For a newly isolated wild strain, it is essential to enhance the titer of secondary metabolites by optimizing the fermentation process parameters, which includes medium, fermentation conditions, exogenous addition of metal ions, precursors, surfactants and other substances (Tao et al. 2019). For instance, Duan et al. optimized the culture and fermentation conditions for Streptomyces ma. FS-4 by single-factor and response surface experiments, and the diameter of bacteriostasis circle for Bacillus subtilis increased from 16.5 to 26.7 mM (Duan et al 2020). Jia et al. added 2 mM Mg²⁺ to the culture medium to make the maximum production of ansamitocin P-3 with 85 mg/L, which is 3 times higher than that of the control group (Jia and Zhong, 2011). Khushboo et al. added precursor _L- leucine to enhance the production of lipstatin, a secondary metabolite of Streptomyces toxytricini, from 5.011 to 5.765 mg/g (Khushboo et al. 2020). Zhang et al. made the production of monacolin K reached 2026.0 ± 30.4 mg/L through adding 40 g/L Triton X-100, which was 84.9% higher than that of the control (Zhang et al. 2014).

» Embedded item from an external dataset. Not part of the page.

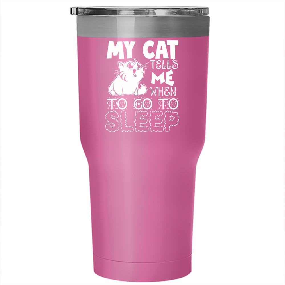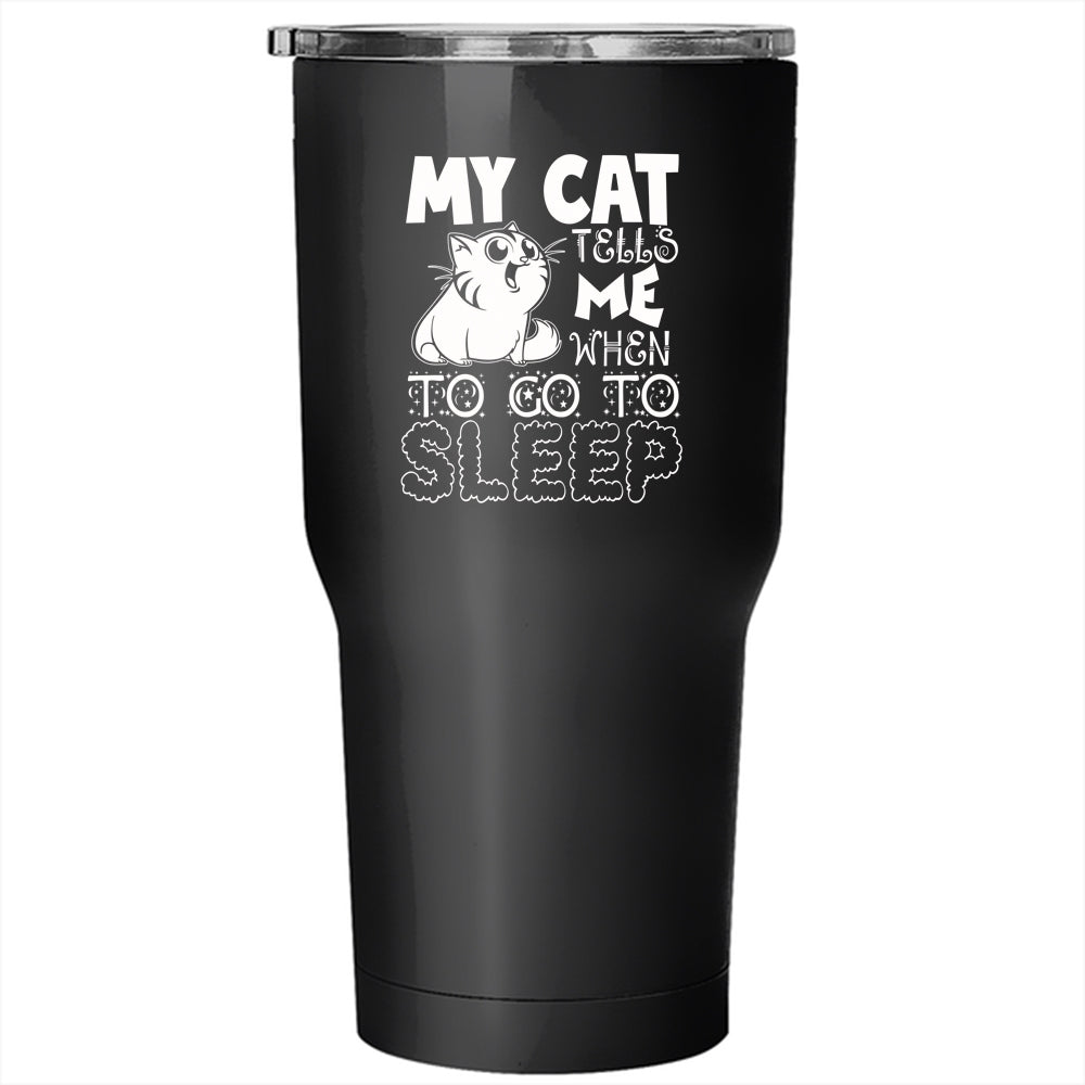 My Cat Tells Me When To Go To Sleep Tumbler 30 oz Stainless Steel, Cute Cats Travel Mug

In this study, we firstly provided a combinatorial strategy of medium optimization, fermentative parameters optimization, exogenous addition of metal ions, precursors, and surfactants to enhance the production of ilamycins E₁/E₂. After optimizing the fermentation medium and parameters, exogenous adding ZnCl₂, tyrosine, shikimic acid, and sorbitol to medium, the fermentative titer of ilamycins E₁/E₂ was proved from 13.51 to 762.50 ± 23.15 mg/L with 56.4-fold. The RT-PCR results showed that transcription level of eight genes (G6PD, 6-PFK, PK, 6-PDGH, DAHPS, CS, SKD, 3-DHQS) related to biosynthesis of ilamycins was promoted by addition of ZnCl₂, tyrosine, shikimic acid and sorbitol, respectively. Exogenous addition could effectively regulate the balance between primary and secondary metabolism and enhance the production of ilamycins. Last but not least, the fermentation was optimized and scaled up to a 5-L bioreactor, in which the highest ilamycins E₁/E₂ production reached 790.34 mg/L. To the best of our knowledge, this is the highest titer reported in published literatures. This work will provide a valuable basis for industrial pilot production of anti-tuberculosis lead drug ilamycins E1/E2.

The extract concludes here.